Enhancing LAN Failure Predictions with Decision Trees and SVMs: Methodology and Implementation

Abstract

Predicting Local Area Network (LAN) equipment failure is of utmost importance to ensure the uninterrupted operation of modern communication networks. This study explores the use of machine learning algorithms to enhance the accuracy of equipment failure prediction in LAN environments. Using these algorithms to enhance LAN failure predictions involves collecting and analyzing network data, such as packet loss rates and latency, to identify patterns and anomalies. These algorithms can then predict potential LAN failures by recognizing early warning signs and deviations from normal network behavior. By leveraging machine learning, network administrators can proactively address issues, reduce downtime, and improve overall network reliability. In our study, two powerful machine learning algorithms—decision tree and support vector machine (SVM)—are used.
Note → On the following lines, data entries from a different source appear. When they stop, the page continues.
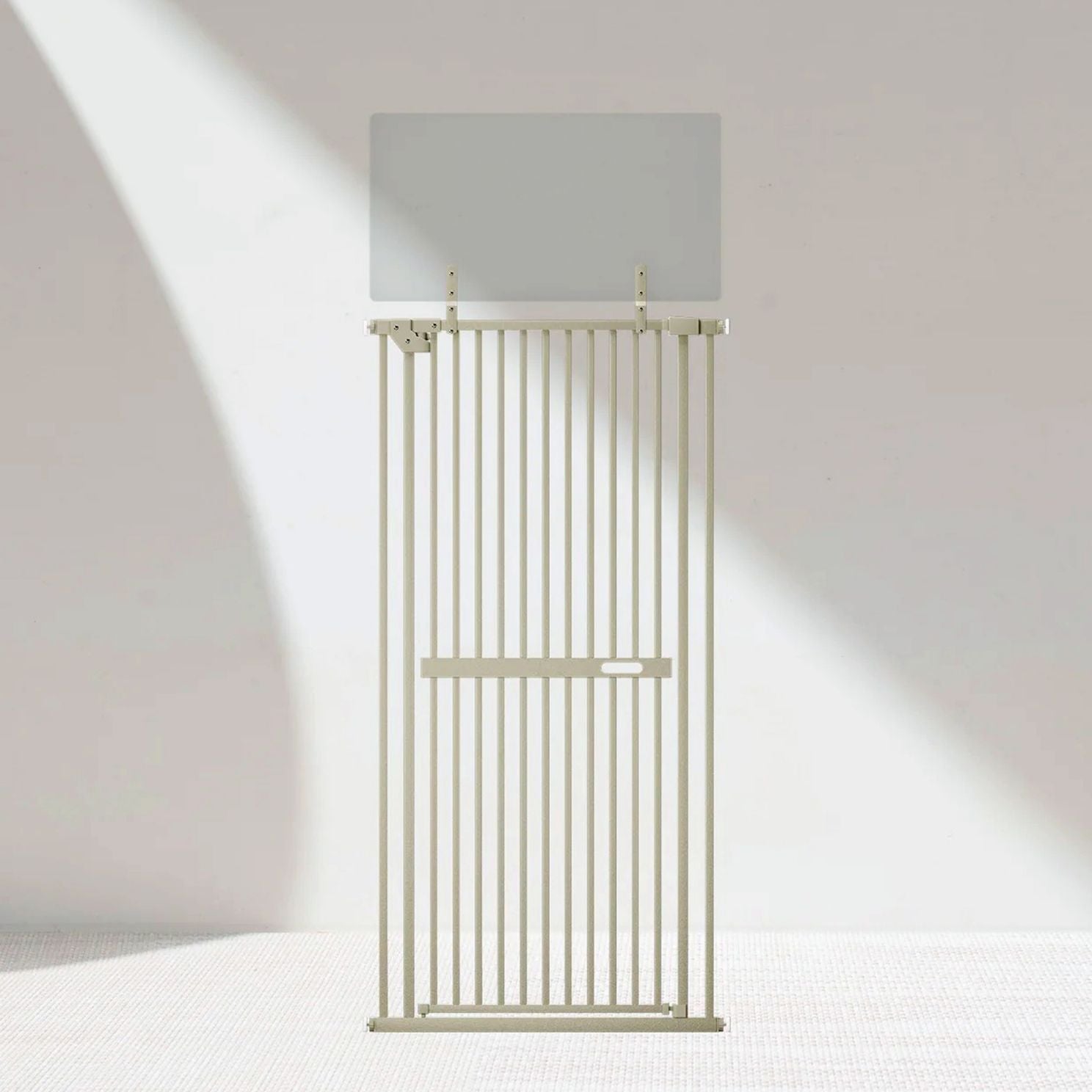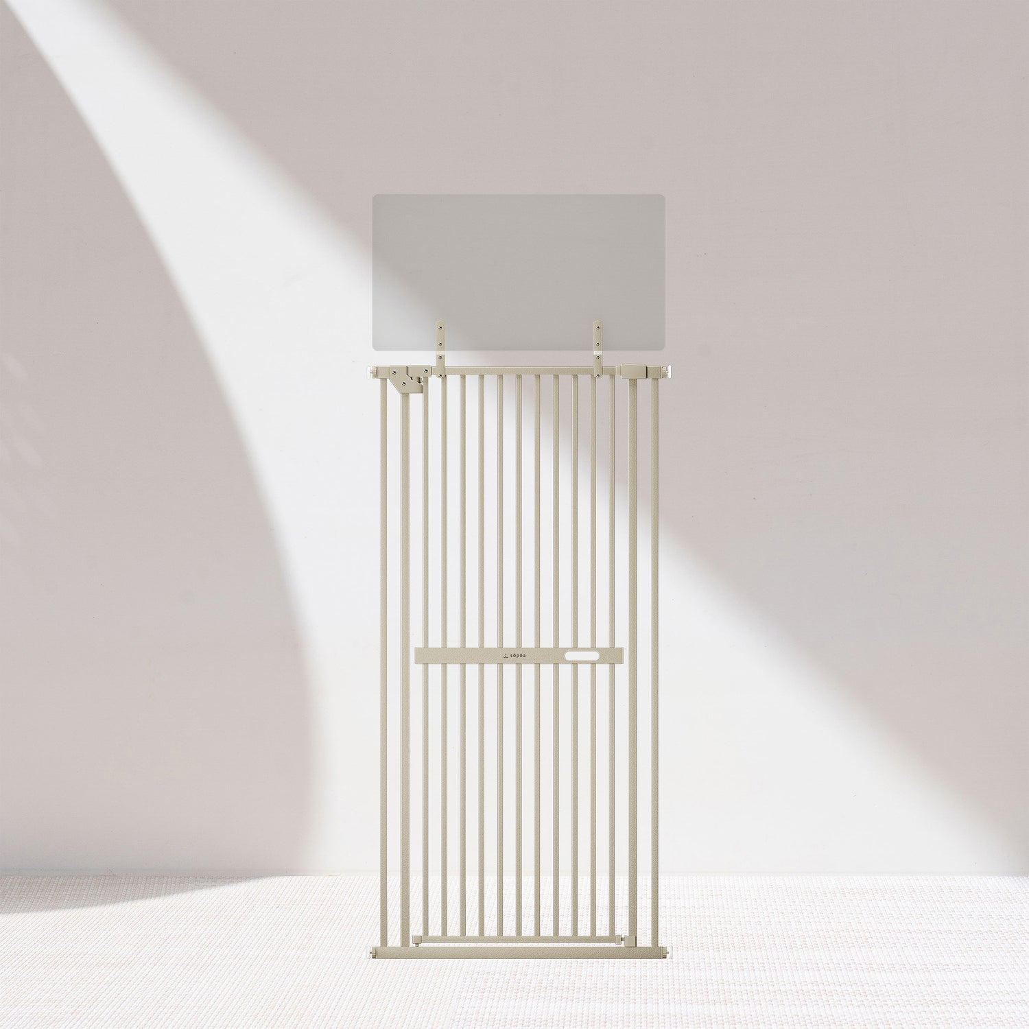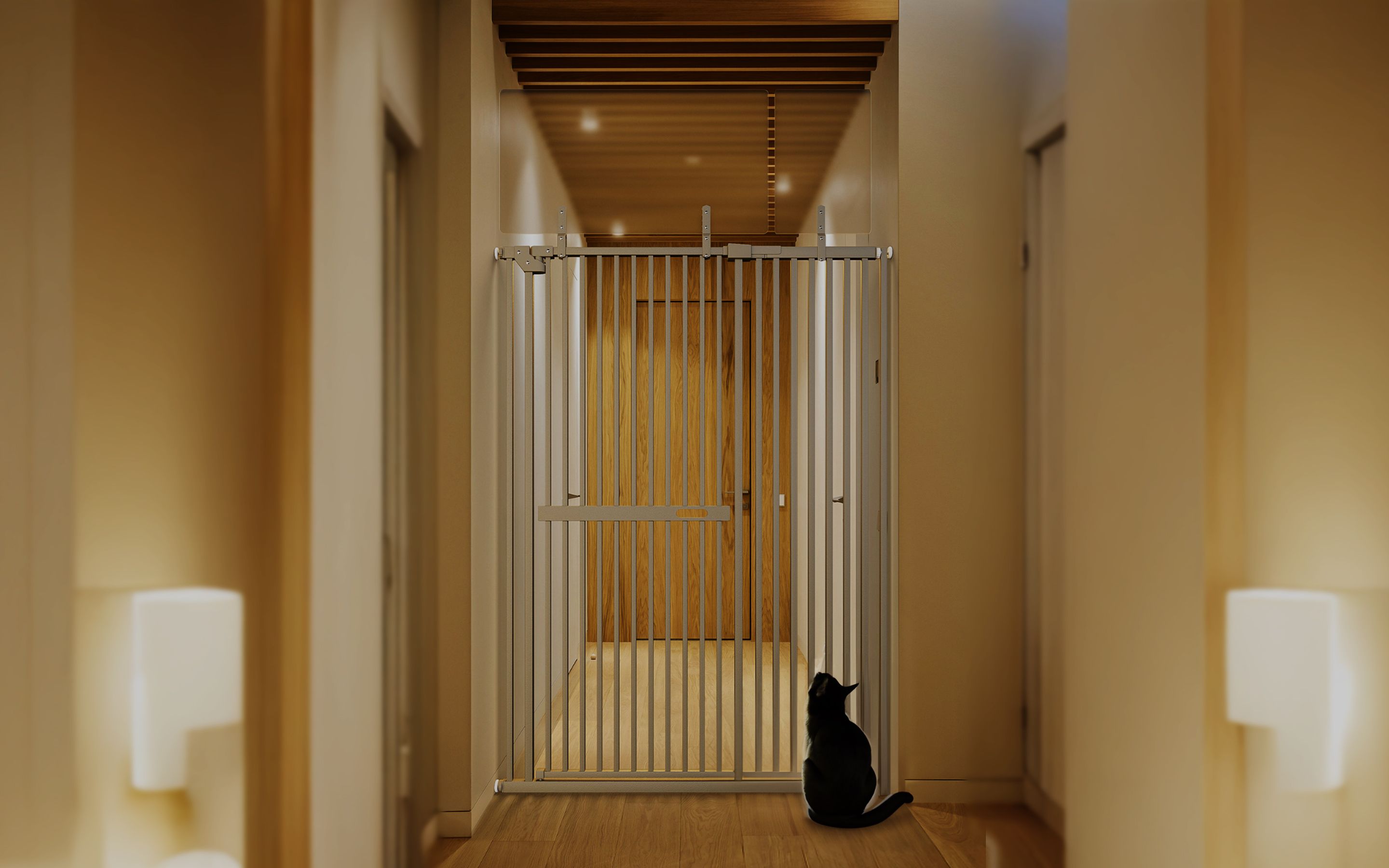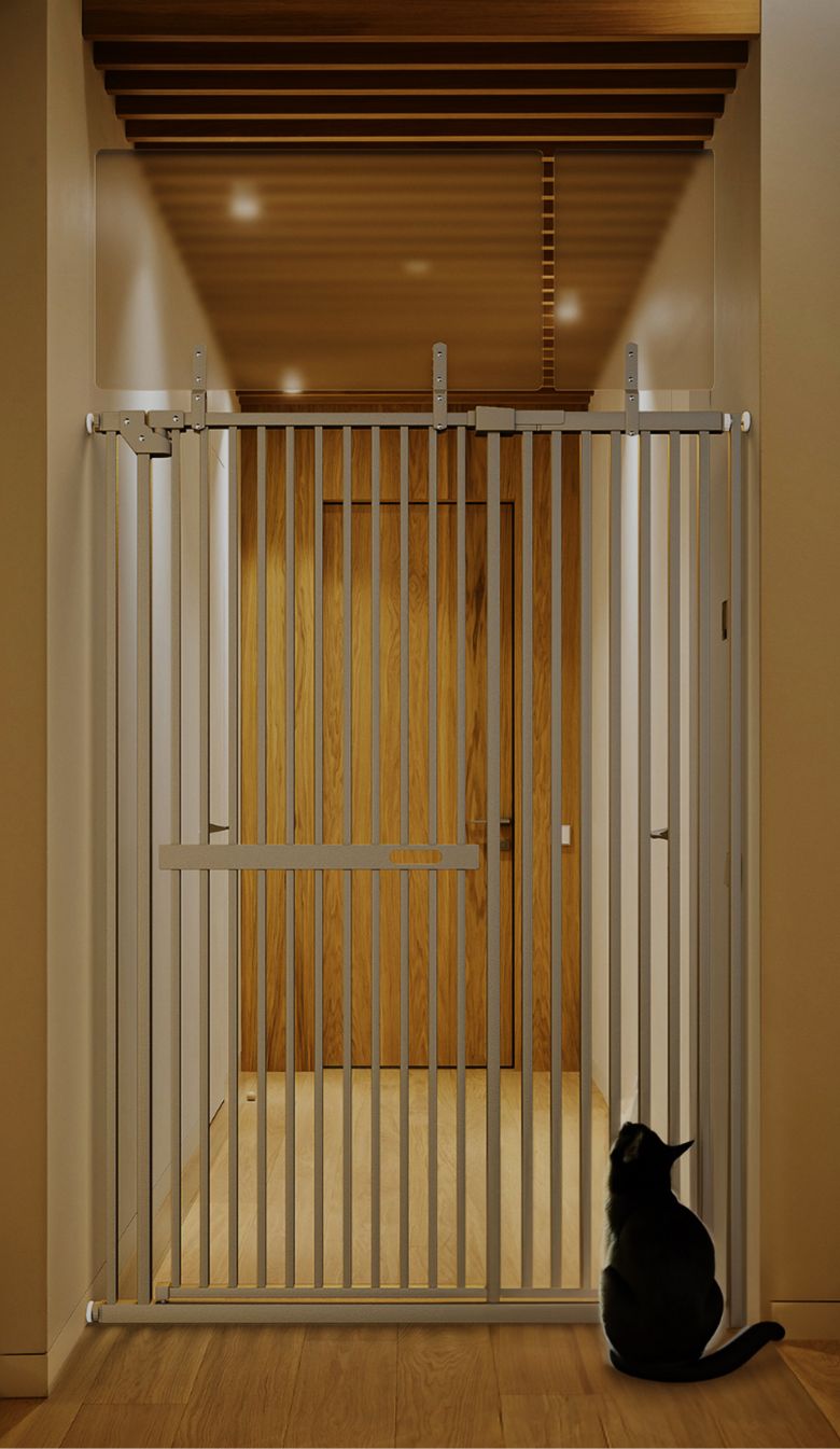 高さ190cmの実用新案設計で飛び越え防止。隙間3.7cm以下で子猫も安心。半透明パネルのインテリアに馴染むデザイン、片手静音ロック付き。横突っ張り式・安定設計。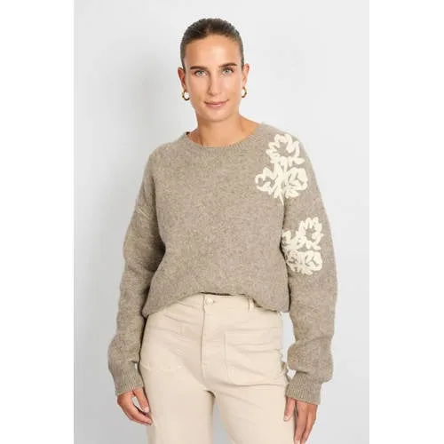 CS the Label gebloemde gebreide trui grijsbruin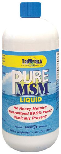 MSM Liquid by Trimedica 16 oz Liquid MSM Liquid 16 oz Liquid TriMedica brand PureMSM is high quality MSM strictly tested for purity and potency for maximum benefits for your healthy joints and skin. TriMedica is a trusted name for MSM so you know that PureMSM is your right choice - every time 99 Pure No Heavy Metal Suggested Use As a dietary supplement Mix with your favorite juice or take alone. 1 to 2 teaspoons once or twice daily. Use as directed. 1 teaspoon 350mg MSM - Or as directed by your healthcare professional. Supplement Facts Serving Size 2 Teaspoon Servings Per Container 24 Amount Per Serving Daily Value Methylsulfonylmethane 700 mg Daily Value Not Established Percent Daily Values are based on a 2 000 calorie diet Other Ingredients Deionized water benzyl alcohol. Does Not Contain Sugar salt soy wheat dairy yeast gluten and preservatives. Warnings Keep out of reach of children. As with all dietary supplements consult your healthcare professional before use. See product label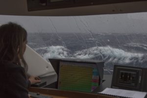 Steering Race for Water manually is an exercise in concentration. It’s not easy; she weighs 100 metric tons. We’re always trying to anticipate the path that she’ll take, and we really have to counter-steer when we get picked up by a wave. Even taking turns at the helm every 15-20 minutes, we’re pushed to the limit, going at over 10 knots on the waves.
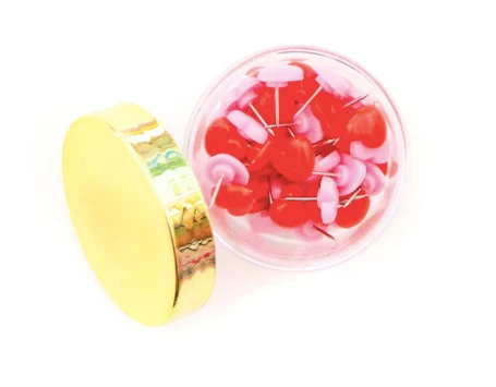 Make your workspace the cutest ever with these pink and red thumbtacks in a cute gold lid container. Each set comes with 50 thumbtacks.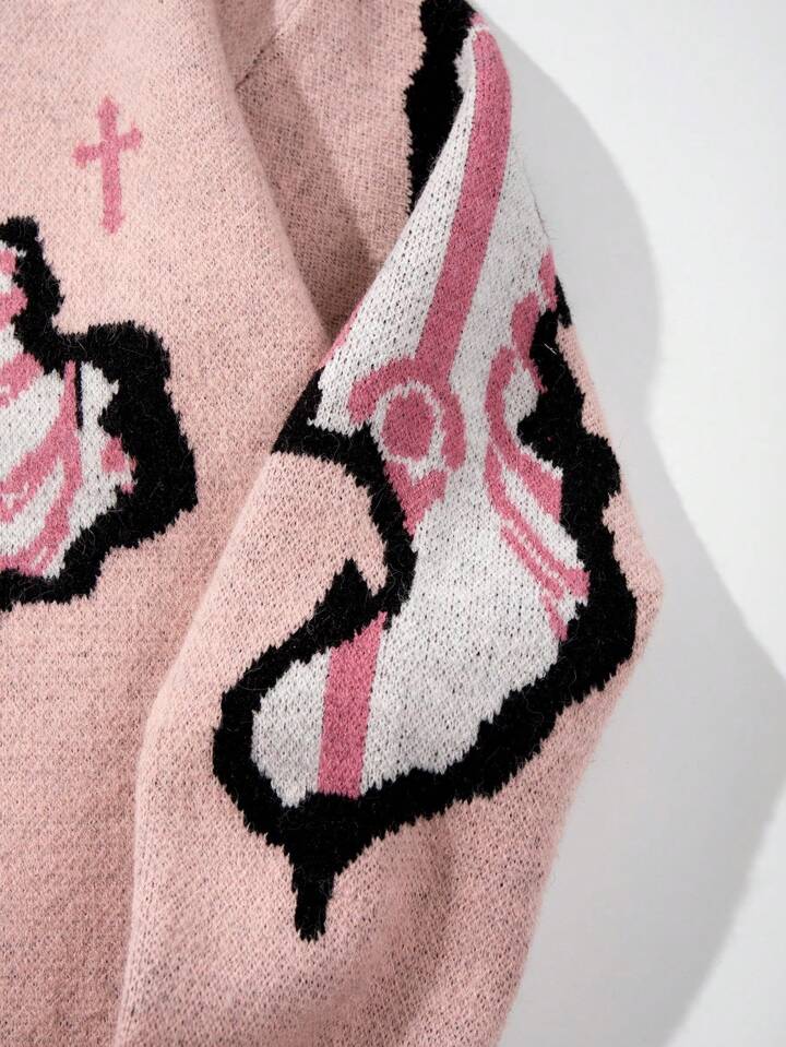 Street Life Suéter casual de hombre con cremallera, estampado de esqueleto y cruz, de hombros caídos y ajuste holgado, para Halloween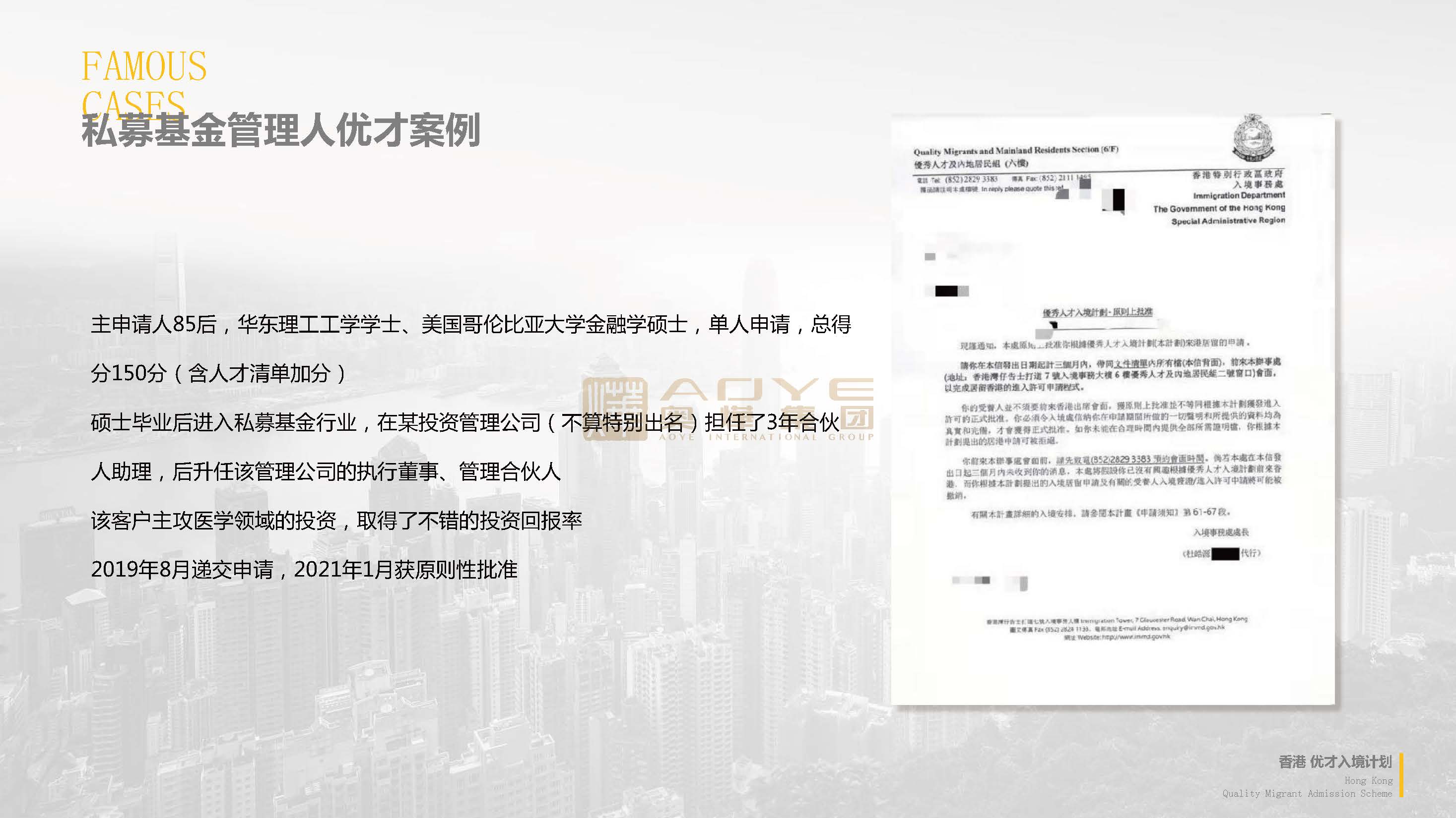 主申請人85后,華東理工工學學士、美國哥倫比亞大學金融學碩士,單人申請,總得分150分(含人才清單加分)。碩士畢業后進入私募基金行業,在某投資管理公司(不算特別出名)擔任了3年合伙人助理,后升任該管理公司的執行董事、管理合伙人該客戶主攻醫學領域的投資,取得了不錯的投資回報率! 2019年8月遞交申請,2021年1月獲原則性批準
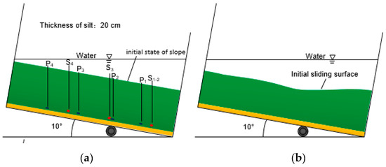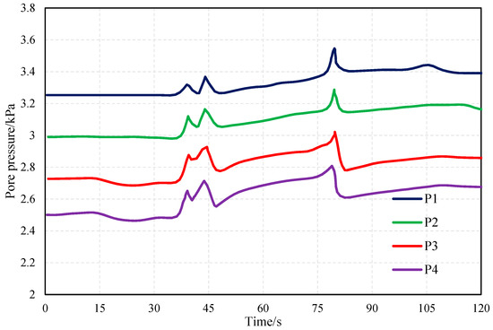 Figure 6 shows the layout details of the sensors in the model box. Four pore pressure sensors are distributed along the longitudinal axis of the model box, and P1 is located near the slope. Two earth pressure sensors (S1 and S2) are evenly installed at the slope position, and the other two earth pressure sensors (S3 and S4) are distributed along the longitudinal axis of the model box.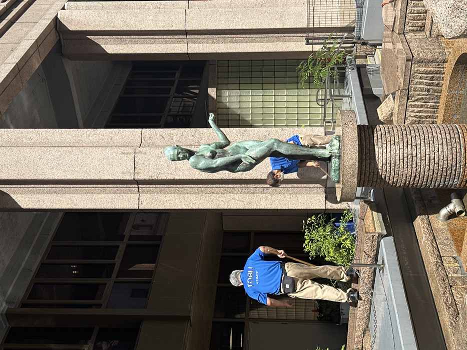 The image captures an outdoor urban scene in Shinjuku, Japan, under bright daylight. A central verdigris bronze statue of a nude female figure stands on a circular pedestal, which forms the upper tier of a multi-tiered fountain constructed from light-brown, textured stone blocks. Two adult males are present, performing maintenance. On the left, a male viewed from behind wears a blue t-shirt with "TORII STAFF" printed in white, khaki pants, and a black fanny pack, holding a long-handled tool. He stands on a dark, raised platform featuring a low chain barrier. To the right of the statue, a second male, wearing a blue short-sleeved shirt, khaki pants, and a white face mask, is bent over, actively cleaning or working on the fountain's base near the statue with a small implement. The background consists of a multi-story building with large, dark-paned windows and prominent vertical support pillars constructed from the same light-brown stone as the fountain. A section of translucent glass block windows is visible behind the second male. Green potted plants are strategically placed around the fountain area. The fountain basin in the immediate foreground appears dry, with a metal pipe visible near the bottom left. A metal railing is present to the right of the fountain structure.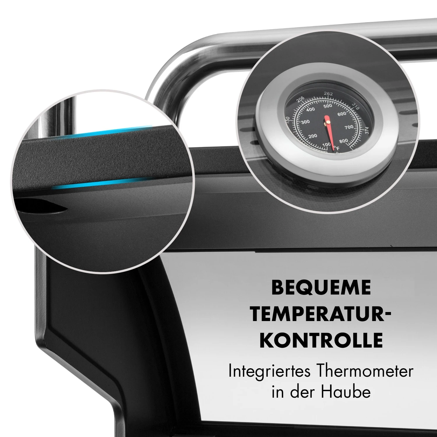 - doppelwandige Haube aus Edelstahl für indirektes Grillen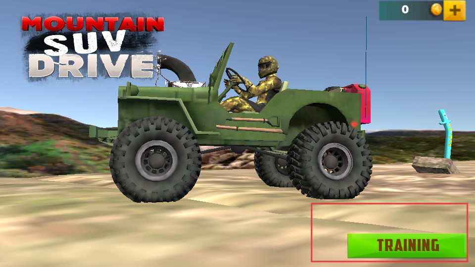 1、點(diǎn)擊TRAINING按鈕進(jìn)入模式,在該模式下可通過(guò)屏幕左側(cè)的左右箭頭按鈕控制車(chē)輛轉(zhuǎn)向,右側(cè)的踏板按鈕控制車(chē)輛加速與減速,熟悉山地越野車(chē)的操控方式。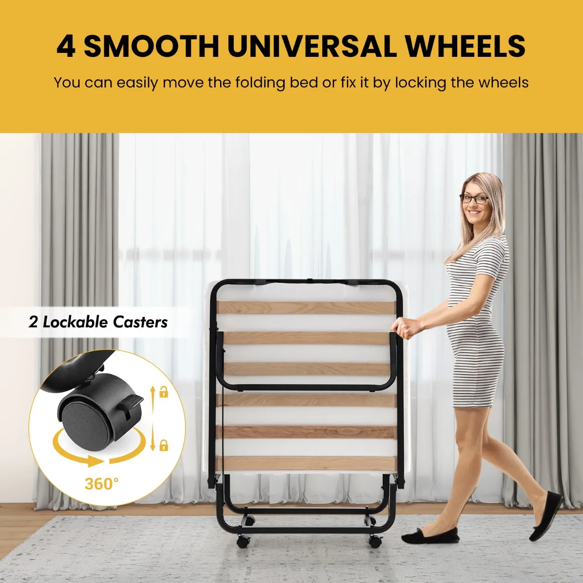 【Stille en duurzame PP-wielen】 Het inklapbare bed heeft 4 PP-wielen, inclusief 2 vergrendelbare wielen en 2 universele wielen. Alle produceren minimale geluiden en laten geen krassen achter op de vloer. Vouw het logeerbed gewoon van tevoren samen, dan kun je het gemakkelijk thuis schuiven.

To evaluate the effectiveness of the proposed models, a comprehensive dataset comprising various LAN equipment parameters and corresponding failure instances is utilized. The dataset is pre-processed to handle missing values and normalize features, ensuring the algorithms’ optimal performance. Performance metrics, such as accuracy, precision, recall, and F1-score, are employed to assess the predictive capabilities of the models. The excremental results of our study lead to more reliable and stable network operations by allowing early detection of potential issues and preventive maintenance. This leads to reduced downtime, improved network performance, and enhanced overall user satisfaction. They demonstrate the efficacy of both decision tree and SVM algorithms in accurately predicting LAN equipment failure.